Experiment 1#
Exp1#
The first exp will test to replicate one of the Anthropic research outcome (Elhage et al., 2022) (see the left square box in the diagram below), compressing feature representations of a toy model from a larger dim into a smaller dim (2 dim) will lead to represent only two features (drawing approx 2 features orthogonally), when sparsity is not set (sparsity=0).
Here,
a toy model is composed of a one layer Linear model with a ReLU filtering function.
compressing the toy model from a larger dim (49 dim) into a smaller dim (2 dim) via autoencoder model.
training the toy model on the MNIST hand-written digit image (28x28) datasets.
exploring if the datasets with the imagined 49 features will converge into 2 feature representations.
Exp1.0. Prepare packages#
### import packages
# ml/nn
import torch
import torch.nn as nn # all neural network modules
import torch.nn.functional as F # Functions with no parameters -> activation functions
import torch.optim as optim # optimization algo
from torch.utils.data import DataLoader # easier dataset management, helps create mini batches
from torch.utils.data import random_split # set train-test ratio
# import torchvision
import torchvision.datasets as datasets # standard datasets
import torchvision.transforms as transforms # this for convert dataset to tensor
from torchvision.utils import make_grid # this for visualization
# stats/ml #1
import numpy as np
import matplotlib.pyplot as plt
# stats/ml #2
from sklearn import metrics
from sklearn import decomposition
from sklearn import manifold
Exp1.1. Run first exp#
### set device
device = torch.device('cuda' if torch.cuda.is_available() else 'cpu')
print(device)
cpu
### Define all parameters
# later these will be inserted at the beginning as args
# fixed
batch_size = 64
input_size = 784
num_classes = 10
hidden_size2 = 2
# variable
hidden_size = 49
lr1 = 0.001 # lr for opt1
lr2 = 0.0001 # lr for opt2 # 0.001, or etc
num_epochs1 = 10
num_epochs2 = 20
### define original functions
def norm_point(x, y):
# Calculate the length of the vector
length = np.sqrt(x**2 + y**2)
# Check where length is 0
zero_mask = (length == 0) # Boolean mask for elements where length is 0
# Initialize normalized coordinates
x_norm = np.zeros_like(x)
y_norm = np.zeros_like(y)
# Perform normalization only where length != 0
x_norm[~zero_mask] = x[~zero_mask] / length[~zero_mask]

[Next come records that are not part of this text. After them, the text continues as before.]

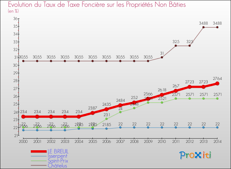 Pendant la même période, les communes françaises similaires à Le Breuil, ont vu leur taux de taxe foncière sur le non bâti augmenter de 13.27 % en moyenne entre 2000 et 2014.
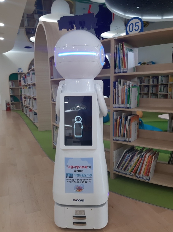 ▲ 사천시립도서관 명물 사서로봇, 로미 등장 귀여운 외모와 똑똑함으로 인기 폭발 고향사랑기부금으로 구입 |
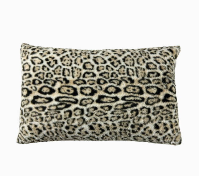 Un coussin en imitation fourrure naturelle motif léopard.
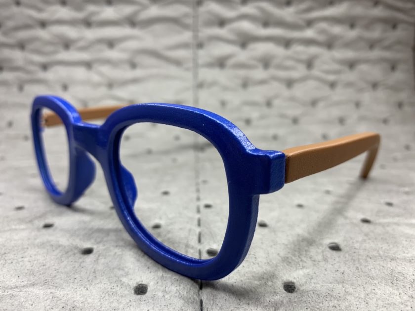 3D printed eyeglass frames, painted in blue and brown (Photo by The Super Maker Bros)

y_norm[~zero_mask] = y[~zero_mask] / length[~zero_mask]
# For dimensions where length == 0, retain the original values
x_norm[zero_mask] = x[zero_mask]
y_norm[zero_mask] = y[zero_mask]
return x_norm, y_norm
### implement two single FC NN models
class lin_model(nn.Module):
def __init__(self, input_size, hidden_size, num_classes):
super(lin_model, self).__init__()
self.fc1 = nn.Linear(input_size, hidden_size) # input: 28x28=784, hidden: 7x7=49
self.fc2 = nn.Linear(hidden_size, num_classes) # hidden: 49, num_classes: 10
def forward(self, x):
x = self.fc1(x) # 784->49
x = torch.tanh(x) # range within [-1:1]
x_h = F.relu(x) # add non-linearity
x = self.fc2(x_h) # 49->10
return x, x_h
class ae_model(nn.Module):
def __init__(self, input_size, hidden_size, num_classes):
super(ae_model, self).__init__()
self.fc1 = nn.Linear(input_size, hidden_size) # input: 49, target_dim: 2, for visualising superposition in 2d
self.fc2 = nn.Linear(hidden_size, input_size) # input: 2, target_dim: 49
def forward(self, x):
x = self.fc1(x) # 49->2
x_2d = torch.tanh(x) # range within [-1:1]

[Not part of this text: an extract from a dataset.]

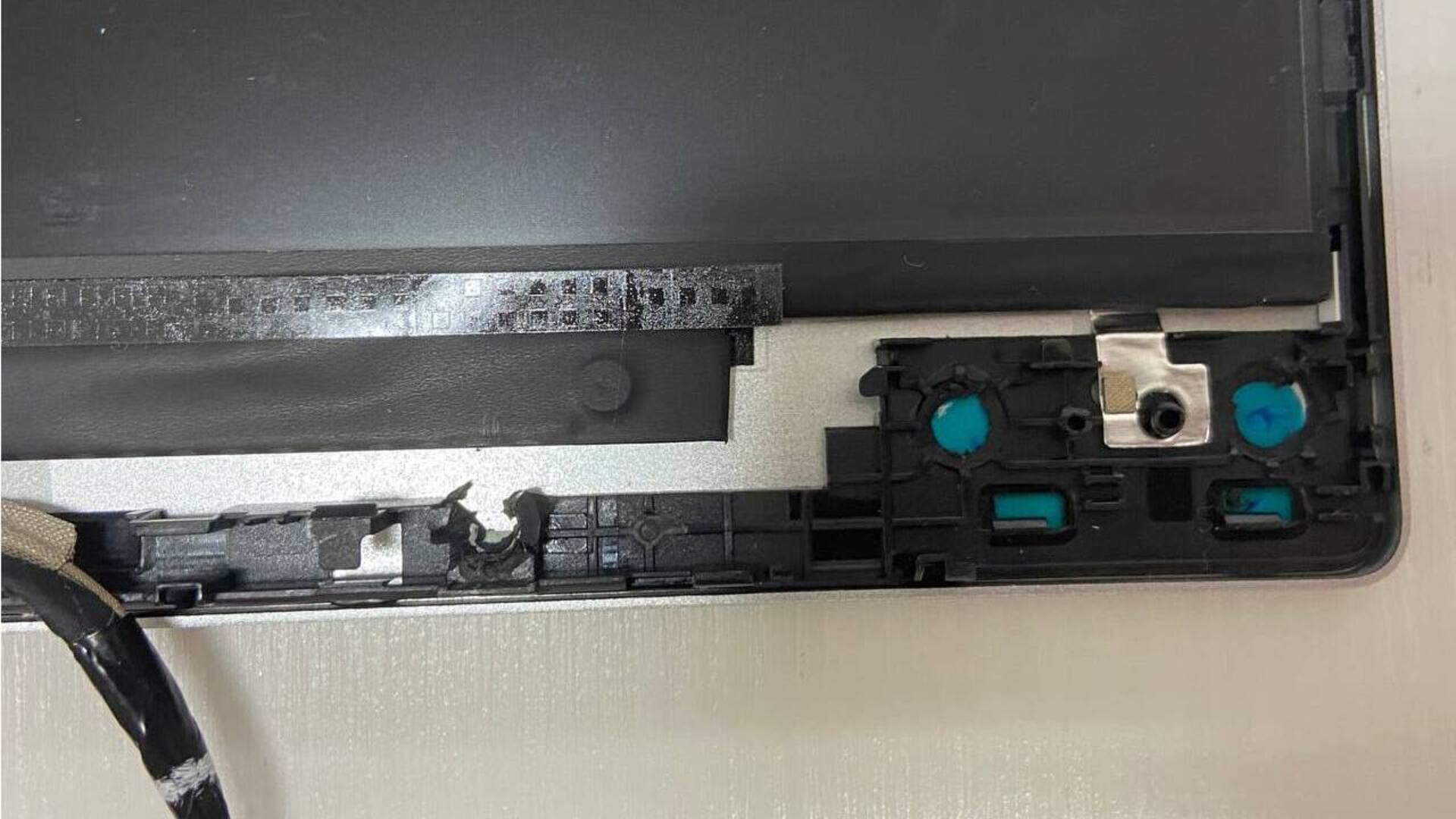 Чаще всего страдают места крепления петель. Если при открытии крышки угол корпуса расходится, слышен хруст, или верхняя панель (топкейс) приподнимается вместе с экраном — значит, разрушены внутренние крепежные стойки. Также ремонт необходим при появлении трещин на нижней крышке (поддоне), сколах углов после падения или выпадании винтов. Если винт выпадает сам по себе, это означает, что внутри корпуса отломилась латунная втулка, в которую он вкручивался. Игнорирование таких поломок приводит к тому, что сломанные части корпуса начинают передавливать проложенные рядом кабели (шлейф матрицы, антенны Wi-Fi). Кроме того, из-за потери жесткости крышка матрицы открывается с перекосом, и при очередном открытии матрица может треснуть от неравномерной нагрузки.

x = self.fc2(x_2d) # 2->49
x = torch.tanh(x) # range within [-1:1]
x = F.relu(x) # simulate lin_model's process
return x, x_2d
### define datasets
# load dataset
train_dataset = datasets.MNIST(root='../dataset/', train=True, transform=transforms.ToTensor(), download=True)
train_loader = DataLoader(dataset=train_dataset, batch_size=batch_size, shuffle=True)

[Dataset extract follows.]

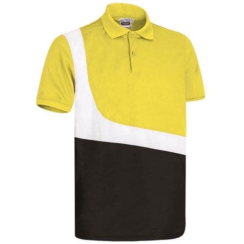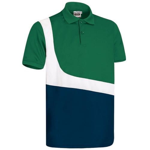 polo técnico com mangas curtas e desenho tricolor original. confeccionado em tecido técnico pique respirável que facilita a secagem rápida e a eliminação do suor. polo com cores vivas na parte superior combinado em contraste com o branco na parte central e a cor escura na parte inferior. colarinho com fecho de aba central com dois botões para combinar com o colarinho superior. de malha e punhos de manga que se ajustam confortavelmente. métodos adequados de marcação: estampagem, bordado, trenfer, patchs, etc. ideal para actividades físicas, desportivas e promocionais.Composition : 100% poliéster.
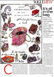Figments, in Providence, RI, seems to have an amazing selection of merchandise – I say “seems” only because I’ve never been. Grace at Design*Sponge featured a gorgeous sofa they have (it’s now sold) and so I clicked over to see what else was new at the website. I found the greatest feature – what’s in her bag – featuring the contents of a purse, artfully laid out and photographed with notes. I adore the latest entry, as Christina’s bag is so elegant! Kind of like bottle reduction applied to one’s handbag. Check it out here. I love this concept so much that I still have a tearsheet from the October 1999 issue of Vogue discussing French artist Nathalie Lecroc’s sketches of handbag contents (see scanned photo above). It was to eventually become a published anthology, and I still hope that eventually, it happens. In addition, there’s Kate Spade’s book, Contents, a collection of photos of handbags and their contents. No matter – I love them all! I’m looking forward to seeing the next handbag feature at Figments.

test_dataset = datasets.MNIST(root='../dataset/', train=False, transform=transforms.ToTensor(), download=True)
test_loader = DataLoader(dataset=test_dataset, batch_size=batch_size, shuffle=True)
### initialize model, loss, optimizer
m1 = lin_model(
input_size=input_size,
hidden_size=hidden_size,
num_classes=num_classes
).to(device)
m2 = ae_model(
input_size=hidden_size,
hidden_size=hidden_size2,
num_classes=num_classes
).to(device)
# Loss and Optimizer
criterion1 = nn.CrossEntropyLoss()
criterion2 = nn.MSELoss()
opt1 = optim.Adam(m1.parameters(), lr=lr1)
opt2 = optim.Adam(m2.parameters(), lr=lr2)
### train and validaiton
num_epochs1 = 10
num_epochs2 = 20
###
### phase 1: prepare trained weights with larger dim
###
# training lin model
for epoch in range(num_epochs1):
# Training
for batch_idx, (data, targets) in enumerate(train_loader):
# reshape [batch, 1, 28,28] to [batch, 28*28]
data = data.reshape(-1, 28*28)
# Step 1: Forward pass through model1
out1, h1 = m1(data) # out1:[batch, 10] as 10 class, h1:[batch, 49] as 49 latent
# Step 4: Compute loss1 and update model1
loss1 = criterion1(out1, targets)
opt1.zero_grad()
loss1.backward()
opt1.step()
num_correct = 0
num_samples = 0
# Validation
with torch.no_grad():
for batch_idx, (data, targets) in enumerate(test_loader):
data = data.reshape(-1, 28*28)
out1, _ = m1(data)
_, predictions = out1.max(1)
num_correct += (predictions == targets).sum()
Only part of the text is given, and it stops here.